When Roberts began his desert racing career in the early 1960s, most desert racers preferred heavy, ungainly, British parallel twin cylinder motorcycles. He was among the first desert racers to adopt lighter motorcycles with single cylinder, two-stroke engines. Despite the horsepower advantage of the larger motorcycles, Roberts' Husqvarna motorcycle weighed only 245 pounds making it more nimble and agile than the larger motorcycles. Where riders of larger motorcycles tended to use speed and momentum to plough through desert obstacles, Roberts appeared to be dancing away from obstacles, standing upright on the foot pegs, rarely sitting down. He began recording victories in the huge AMA District 37 desert races against as many as 1,000 competitors.
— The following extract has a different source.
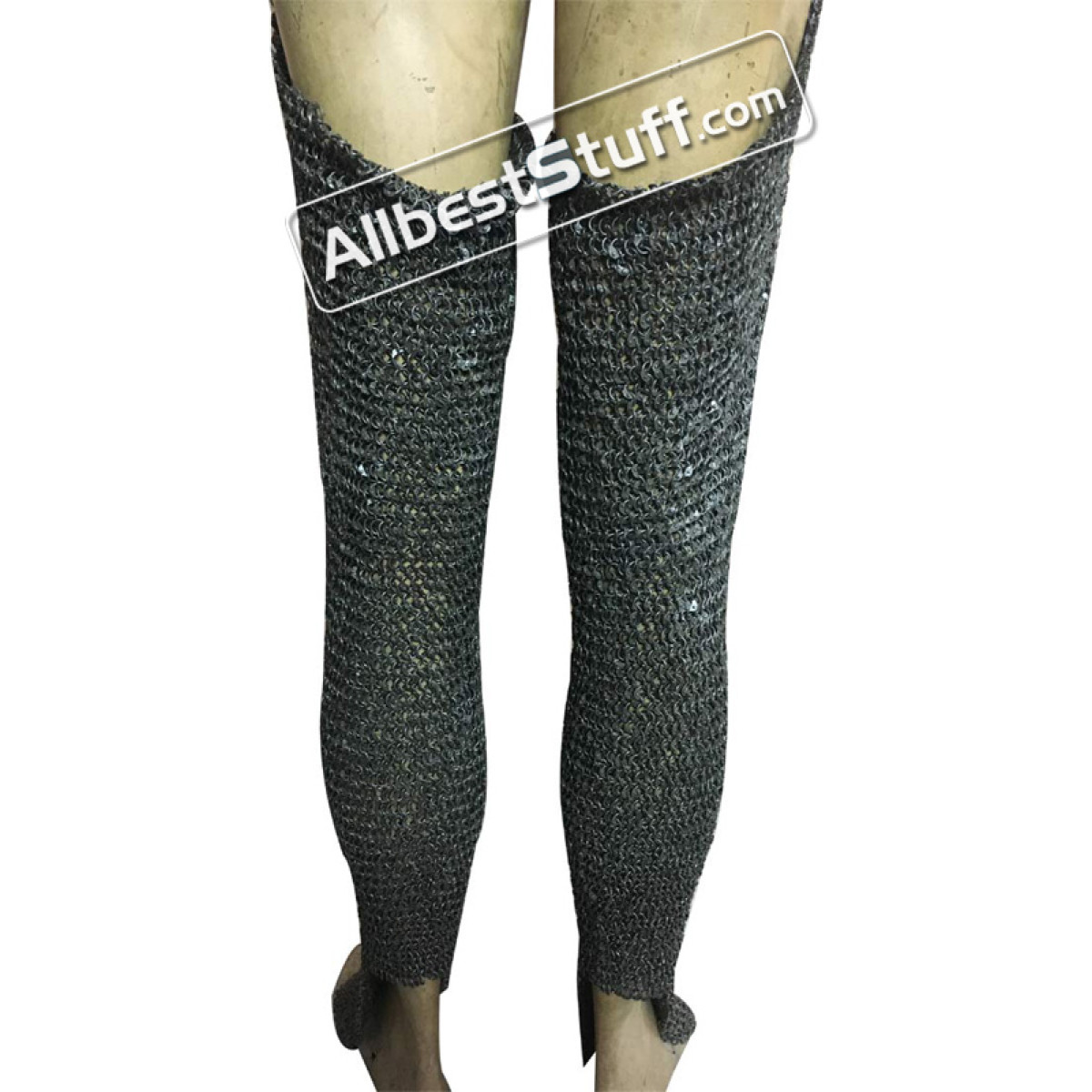 Key Features:Ring Size:18 Gauge 6 MM, All Rings are Round All Rings are Dome RivetedWeave Type: European 4 in 1Wire Type: SteelDimension of Chain Mail ChaussesOverall Length from where you tie your belt to ankle: 37 InchCircumference at Top (thigh): 25 InchCircumference at Ankle: 16 InchShoe Cover: 8 Inch

He teamed with Malcolm Smith to win the motorcycle division in the 1967 Mexican 1000, later to be known as the Baja 1000. He won the Barstow to Vegas desert race four times in a row. He also won the Mint 400, the Baja 500 and the Baja 1000 twice each. Roberts also represented the United States at the 1971 and 1972 International Six Days Trial. The International Six Days Trial is a form of off-road motorcycle Olympics that is the oldest annual competition sanctioned by the FIM, dating back to 1913.
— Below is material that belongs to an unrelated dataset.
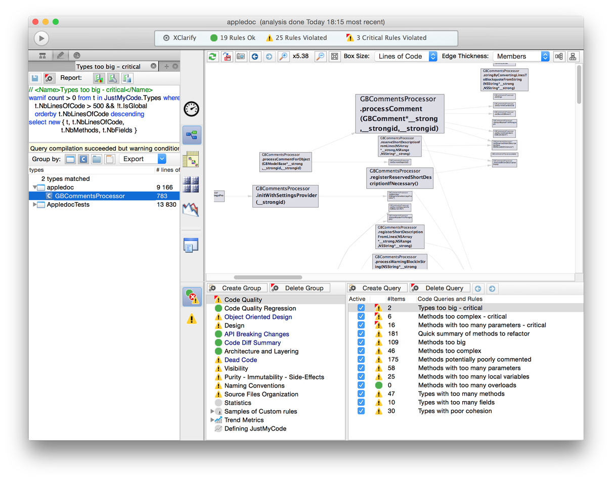 Other than defining code issues, XClarify also determines various statistics such as lines of code, lines of comments, number of types, classes, protocols, methods, third party projects etc. You can also export almost all views to HTML - for embedding on your website for example.

Roberts pioneered a number of safety innovations in the field of off-road racing. He did this by incorporating protective gear from other sports with his own: bolting a football helmet face guard to his motorcycle helmet, wearing football shoulder pads, (as well as a baseball catcher's shin guards). These changes were considered to be the first steps in the evolution of modern safety equipment.

== Film industry career ==
Following in the footsteps of fellow Motorcycle Hall of Fame members Carey Loftin and Bud Ekins, Roberts began to work in the film industry where his riding talents made him useful as a stuntman. During his desert racing career, Roberts became acquainted with fellow motorcyclist and future film director, Hal Needham. After Needham had established himself as a successful director, he discovered that Roberts was a carpenter at Universal Studios, and decided to help Roberts become a stuntman. Needham helped Roberts get a job on the film Little Big Man (1970), where he dressed and painted up to portray one of the Sioux and Cheyenne who attacked General Custer in the film. Roberts impressed observers with a motorcycle stunt in the film Suppose They Gave a War and Nobody Came (1970) and, doubled for Paul Newman for motorcycle scenes in the film, Sometimes a Great Notion (1970). His best known stunt work occurred during motorcycle chase scenes in the Charles Bronson films The Mechanic (1972) and The Stone Killer (1973).

As his career progressed, he moved from specializing in horses to specializing in violent car chases and crashes. Roberts also had small acting roles in thirteen films. Needham inducted Roberts into the Viewfinders motorcycle club, an extremely exclusive club of fellow stuntmen and Hollywood actors who also competed in motorcycle desert races. Other members included Needham, Pernell Roberts from Bonanza and Steve McQueen.

== Death ==
Roberts died on August 18, 2026, at the age of 84.

== Awards ==
Roberts was inducted into the AMA Motorcycle Hall of Fame in 1999. In 2009, Roberts was inducted into the Off-road Motorsports Hall of Fame.

Roberts appeared in the motorcycle documentary films On Any Sunday (1971), Dust to Glory (2005), and in Full Circle, The Legend Lives (2008).